Il paraît nécessaire d'épargner ces zones humides, non seulement pour préserver leur écosystème d'une richesse extraordinaire, mais aussi parce que leur disparition nous amène tout droit vers des périodes de sécheresse. En sacrifiant la biodiversité des landes de Gascogne, on a, non seulement, modifié le climat aquitain mais on a perdu une esthétique richesse patrimoniale naturelle que l'envahissement des conifères est bien loin d'avoir compensé. Les résineux génèrent beaucoup moins d'oxygène que les feuillus ; ils dégagent des rapports financiers inférieurs à ceux des châtaigniers, des robiniers, des peupliers ou même des aulnes et, surtout, ils hypothèquent les sols par l'enrésinement. La dégradation des sols, en climat tempéré, est due principalement à l'influence de l'humus ; mais, les propriétaires fonciers, hélas, campent sur cette fort discutable idée reçue du meilleur rendement patrimonial.

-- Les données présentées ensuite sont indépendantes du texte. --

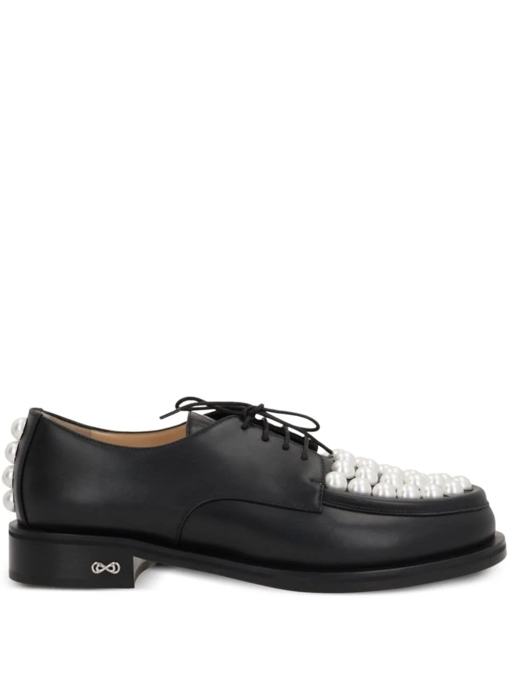 Sirene lace-up shoes Highlights - Black - Calf leather - Front lace-up fastening - Low stacked heel - Faux-pearl detailing - Round toe - Branded leather insole - Leather sole Made in Italy Composition Lining: Calf Leather 100% Sole: Calf Leather 100% Outer: CALFSKIN 100%, Faux Pearl 100%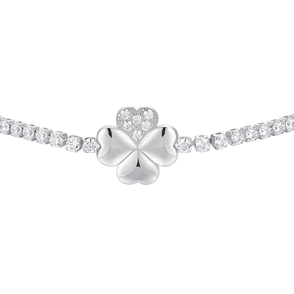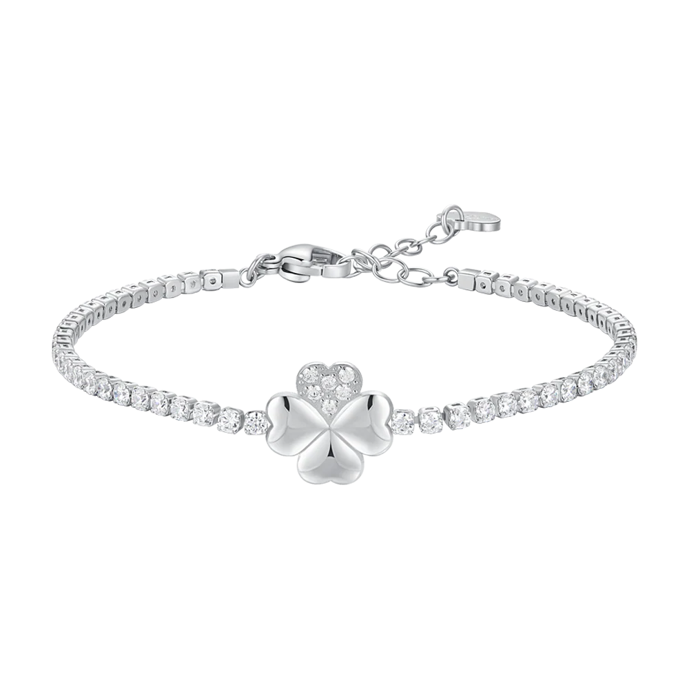 BRACCIALE TENNIS DONNA IN ACCIAIO CON QUADRIFOGLIO E PUNTI LUCE ZIRCONE BIANCO

Pour revenir à nos cours d'eau en grande souffrance, il est indispensable, pour préserver leur vie, de les conserver bien à l'abri de leur ripisylve. Cette nécessité impérative, aussi essentielle qu'elle soit, à elle seule, s'avère insuffisante. Photo TDN.
Cliquez sur les images.
Emerveillons-nous à la renaissance du Branchat.
Une des sources.
Photo © TDN
Le ruisselet commence à trouver sa consistance et, déjà, une première micro-cascade pointe la pente.
Photo © TDN
Le talweg se dessine sous les collines.
Photo © TDN
La confluence est proche.
Photo © TDN
Saluons son union à la Nauze.
Photo © Bruno Marty.
Ici, l'humble Branchat, à 50 mètres en aval du pont du Cra, se donne à la Nauze. Après avoir rencontré les eaux de la Dordogne à Siorac, s'être mêlées à celles de la Garonne au Bec d'Ambès, puis à l'immensité de l'Atlantique, elles vont se faire happer par le Gulf Stream, lui-même menacé par le réchauffement de la planète. N'oublions pas qu'il donne à notre Europe, son merveilleux climat. Le gyre océanique continue et le courant froid du Labrador, brrrr, repart vers le sud pour refermer la boucle.

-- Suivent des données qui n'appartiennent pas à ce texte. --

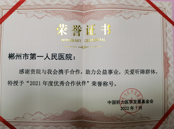 近日,中國(guó)聽(tīng)力醫(yī)學(xué)發(fā)展基金會(huì)授予郴州市第一人民醫(yī)院“2021年度優(yōu)秀合作伙伴”榮譽(yù)稱號(hào),充分肯定了該院在過(guò)去的一年,同基金會(huì)共同開(kāi)展的關(guān)愛(ài)聽(tīng)障群體公益項(xiàng)目中所取得的成效。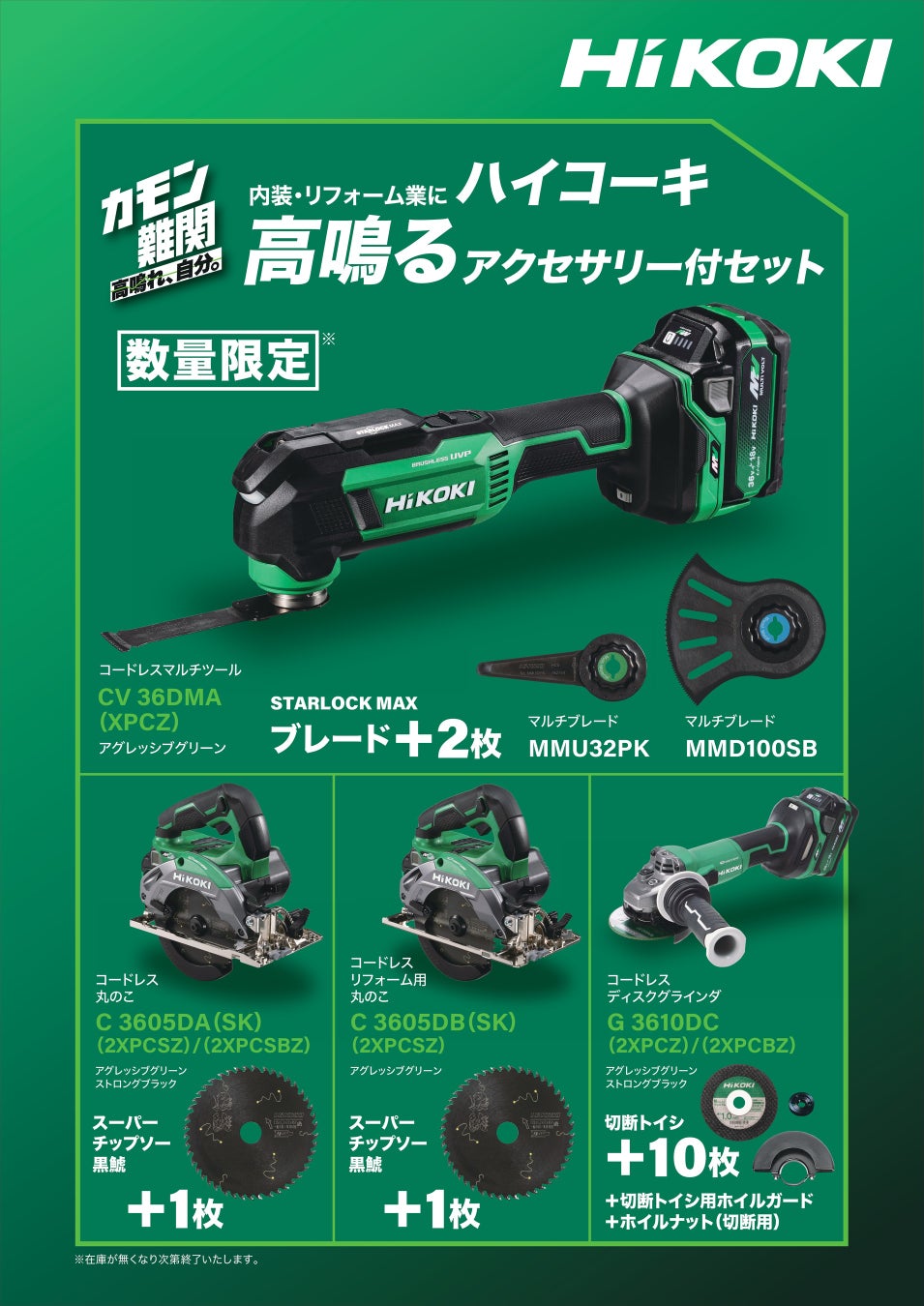 キャッシュバックキャンペーンと同時に、内装・リフォーム業向けの「ハイコーキ高鳴るアクセサリー付きセット」として、コードレスマルチツール・コードレス丸のこ・コードレスリフォーム用丸のこ・コードレスディスクグラインダにブレードなどのアクセサリーが追加になった特別セットを数量限定で発売しております。特別セットの内容については上記キャッシュバックキャンペーン特設サイトおよびハイコーキ製品お取り扱い店舗にてご案内しております。(一部お取り扱い店舗では告知していない場合もございます)

Les photos TDN sont du 16/2/2013. La photo Bruno Marty, de la confluence, est du 24/4/2018. Impatients de voir enfin se clore cette longue période désagréable à nos yeux, "on" a beaucoup pesté contre ces précipitations printanières qui ont, par deux fois, dépassé les 50 mm. Notons que l'écoulement du Branchat devrait présenter ses ultimes gouttes printanières et tarir tout de suite après ce premier week-end de mai.